Had this on the watch list too long and could kick my own ass if it was possible. I think this is just the type of play needed on these markets along with Value shares such as Churchill China that I recommended yesterday.

Heres just a brief background on the company.................

Hedge fund leads rush to float
by Louise Armitstead
RAB Capital is the first to plan a listing in London. Others are bound to follow

IN the spring of 1999 Philip Richards and Michael Alen-Buckley arrived almost empty-handed at their new office — a small room in 1 Adam Street, just off the Strand in central London.
The day — April Fools’ Day — seemed apt at the time. Richards and Alen-Buckley, both highly regarded bankers at Merrill Lynch, were giving up stellar careers to start their own hedge fund, RAB Capital. The only money they had was their own, and their staff consisted of one manager, a compliance officer and a secretary.

Five years on, the little room in 1 Adam Street, still RAB Capital’s main trading floor, albeit straining under a vastly expanded workforce, is again the engine room of an ambitious and pioneering venture.

Last week RAB Capital became the first stand-alone hedge-fund company to announce its intention to float in London.

Richards, 46, and Alen-Buckley, 43, will be at the helm of a company with a market value that could be as high as 100m. Their stakes could be worth 30m each. Advised by KBC Peel Hunt, the firm will release a prospectus tomorrow revealing how much money it intends to raise.

In the past five years, Richards, a former army officer, and Alen-Buckley, who is the son-in-law of the hotelier Lord Forte, have increased their funds under management from 4m to an estimated 1.1 billion. They have 40 staff (16 of them managers), 7 hedge funds and a track record that is the envy of the City.

RAB’s first fund, the European equities fund, which was launched in November 1999, has made returns of 84% despite the tumbling markets.

Floating will for the first time allow small investors to take part in the success of a hedge-fund boutique rather than investing in one fund.

But there is growing concern that they will also be exposed to risks that at the moment are restricted to professional investors.

Watching in the wings are hundreds of other hedge-fund managers, salivating at the thought of following RAB to market and realising the value of their businesses. Investment bankers and advisers are also rubbing their hands at the prospect of a spate of similar deals.

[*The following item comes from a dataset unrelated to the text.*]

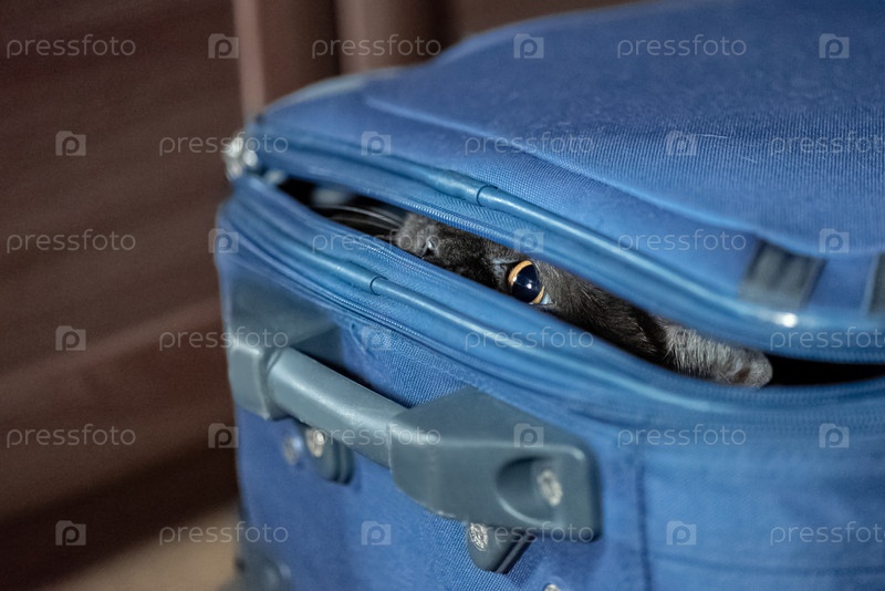 Забавный кот прячется в чемодане. Концепция путешествия в отпуск

Two funds earmarked for flotation are Thames River Capital and GLG Partners, one of the biggest hedge funds in London, with about $8 billion under management. Experts say plenty of others are looking to float as a way of cashing in.

Richards and Alen-Buckley dismiss the suggestion that this is their motive for floating RAB. “Right from the start we wanted to create a long-term business and we’re here to stay,” said Richards. “Floating is an indication of our permanence. Neither one of us will be taking cash out. We are also doing this for our staff. We have given them options over the years and this will be their chance to realise some cash. Staff loyalty is important to us and to our clients, who like the stability this offers.”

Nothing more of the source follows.